Monthly Archive for May, 2011

The nature of science in 2051

Right now scientific questions are chosen for study in a largely autocratic way. Typically grants for research on particular questions come from federal funding agencies, and scientists competitively apply with the money going to the chosen researcher via a peer review process.

I suspect, as the tools of online science become increasingly available, the real questions people face in their day to day lives will be more readily answered. If you think about all the things you do and decisions you make in a day, many of them don’t have a strong empirical basis. How you wash the dishes or do laundry, what foods are healthy, what environment to maintain in your house, what common illness remedies work best, who knows, but these types of questions, the ones that occur to you as you go about your daily business, aren’t prioritized in the investigatory model we have now for science. I predict that scientific investigation as a whole, not just that that is government funded, will move substantially toward providing answers to questions of local importance.

Regulatory steps toward open science and reproducibility: we need a science cloud

This past January Obama signed the America COMPETES Re-authorization Act.

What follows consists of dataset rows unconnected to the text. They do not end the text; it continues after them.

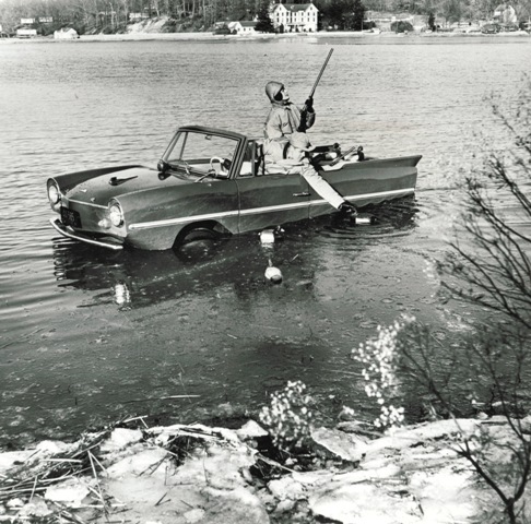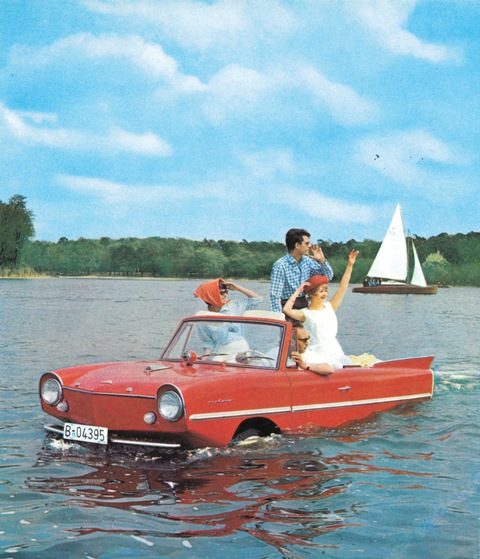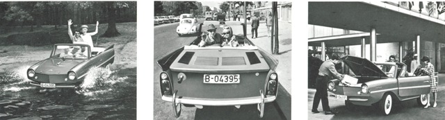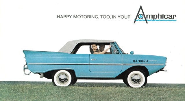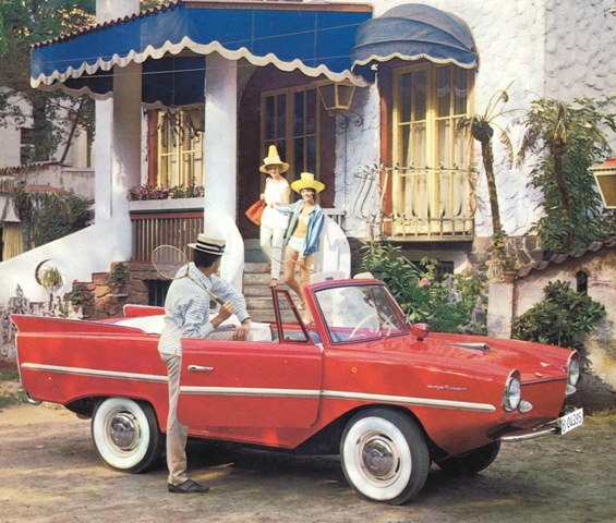 The Amphicar was a revolutionary automobile design that could be driven on both land and water. The principle of the Amphicar was a self-supporting, floating body design. The Amphicar front wheels acted as twin rudders, for fast, responsive handling in the water. The Amphicar, offered water tight doors with double-locks and double seals. The upholstery and floor mats were soil-resistant and waterproofed as well.
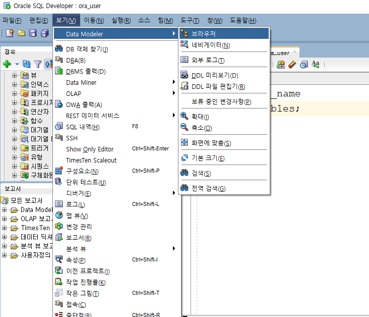 화면 왼쪽상단 보기에서 브라우저 클릭
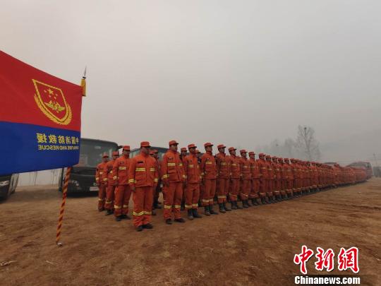 “中国消防救援队队旗”迎风飘扬,应急管理部森林消防局机动支队100余名消防指战员在贾庄村集结。 王曦 摄
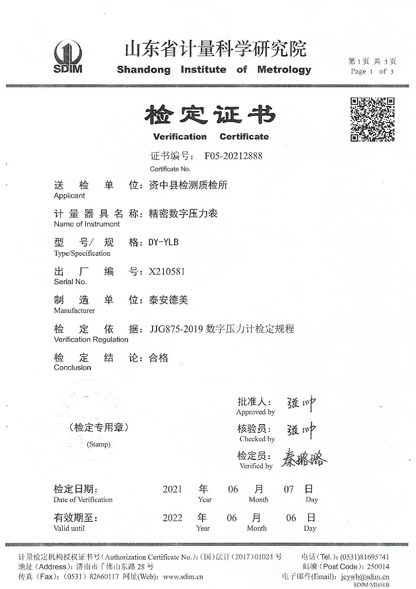 上一條:南昌計量檢定站-數(shù)字壓力校驗儀 | 下一條:便攜式干體爐(-30-150℃)校準(zhǔn)證書 |
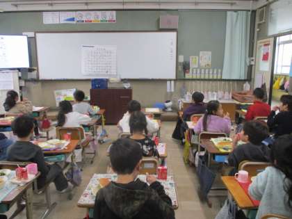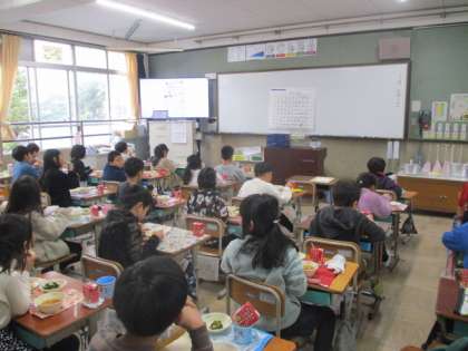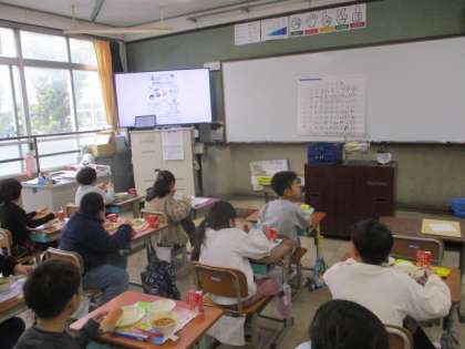 栄養教諭が作った動画も見ながら、食への関心を高めています。2年生がスタートしたころと比べて、たくさん食べることができるようになった人もいるようです。
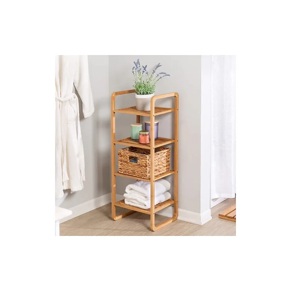 Honey-Can-Do 4-Tier Vertical Bamboo Shelf, Bamboo. Constructed of durable bamboo, this four-tier shelf offers storage and style. Measuring 14.625″ x 11.81″ x 36.42″, it offers plenty of vertical storage space with room under the bottom shelf for shoes or other shorter items. Bamboo is moisture resistant, making this shelf the perfect accessory for any bathroom. Shelf assembles easily and all assembly tools are included.
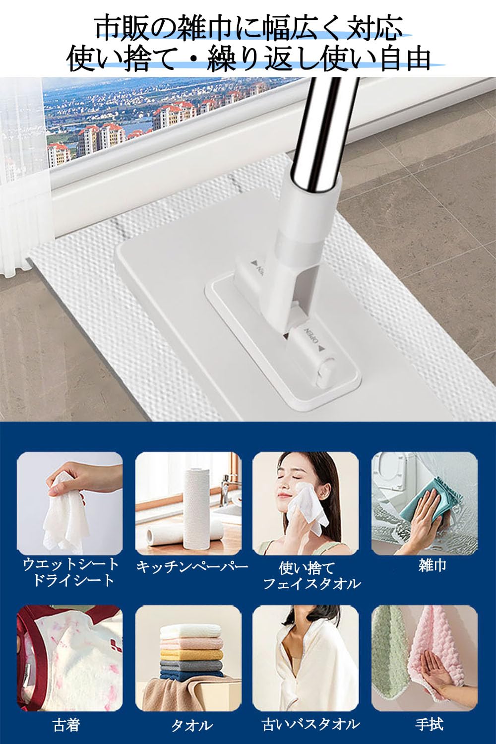 [NIJITUKI] フロアワイパー 本体 1秒で着脱 ワンタッチモップ フロアモップ 拭き掃除 雑巾ワイパー 水拭きモップ 乾湿両用 ベランダ 玄関 床 窓 フロア フローリング 掃除道具 モップ 汚れ・ほこり・髪の毛対応 ドライパッド[ランダムスタイル]1枚入 (ホワイト)
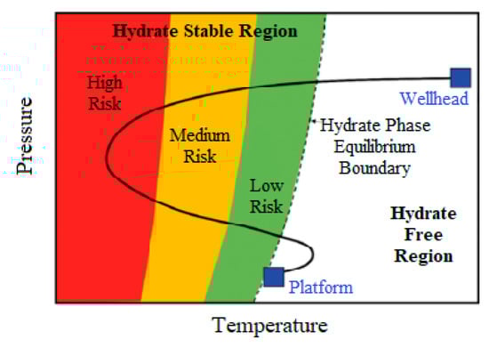 Illustration of a risk map for hydrate formation in oil and gas production Reproduced with permission from Ref. [36] Copyright 2017 Springer Nature.
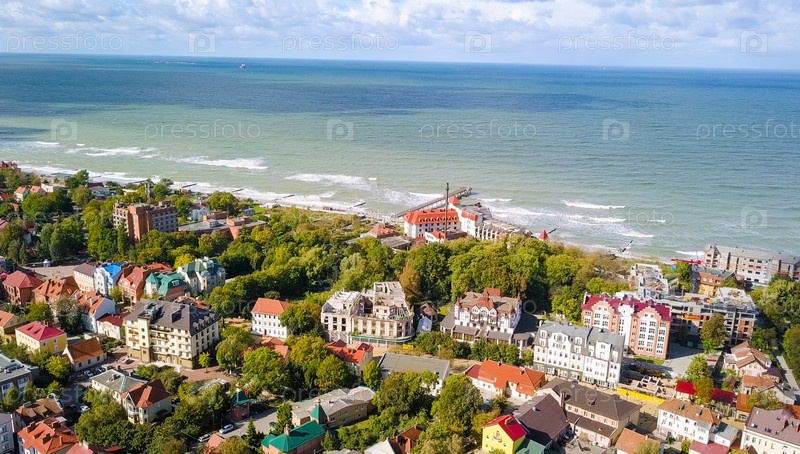 Россия, Зеленоградск. Панорамный вид на Балтийское море, с дрона
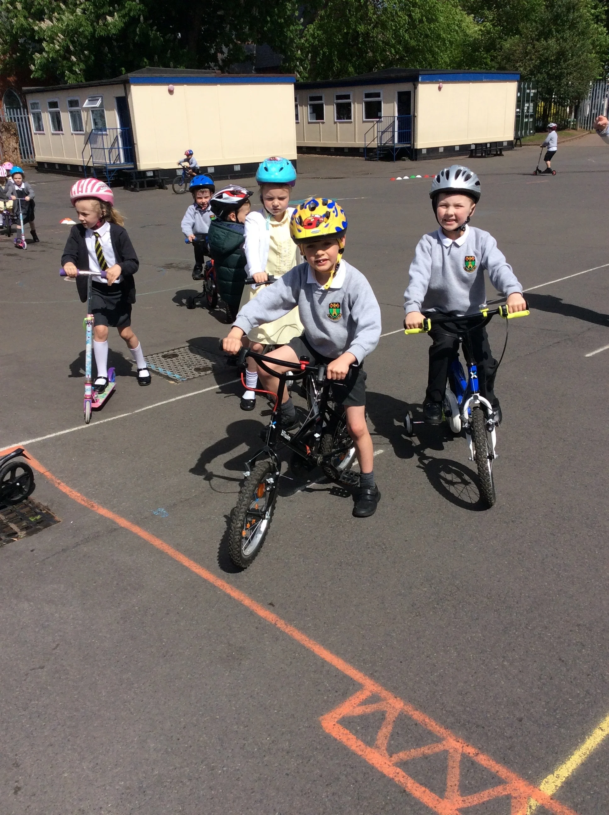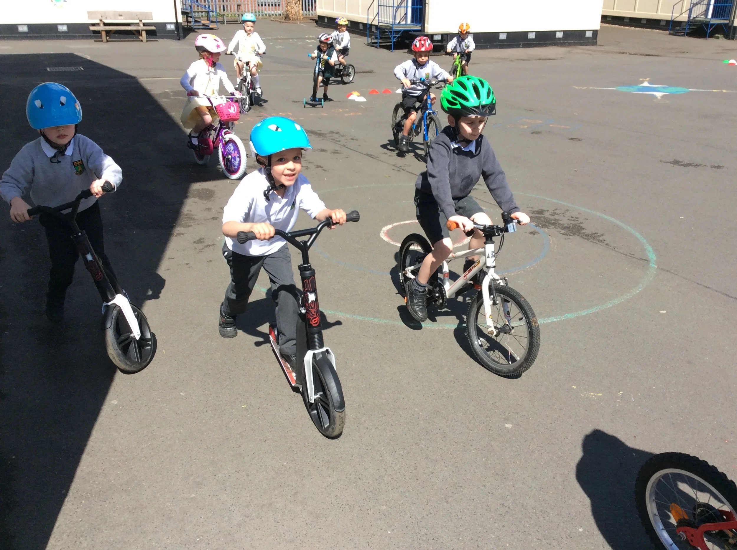 Bike it fun on our bikes and scooters. We talked about bike safety and the importance of always wearing our helmets. We had to use our starting positions to pedal up the hills and use our brakes when coming down. We followed a circuit around the playground. It was great exercise!
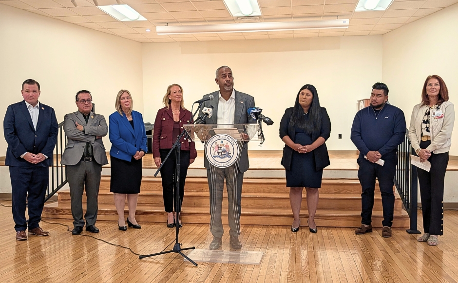 Camden City Mayor Vic Carstarphen addresses the media at the Malandra Hall Community Center. Credit: Matt Skoufalos.

It contains two interesting sections that advance the notions of open data and the federal role in supporting online access to scientific archives: 103 and 104, which read in part:

• § 103: “The Director [of the Office of Science and Technology Policy at the Whitehouse] shall establish a working group under the National Science and Technology Council with the responsibility to coordinate Federal science agency research and policies related to the dissemination and long-term stewardship of the results of unclassified research, including digital data and peer-reviewed scholarly publications, supported wholly, or in part, by funding from the Federal science agencies.” (emphasis added)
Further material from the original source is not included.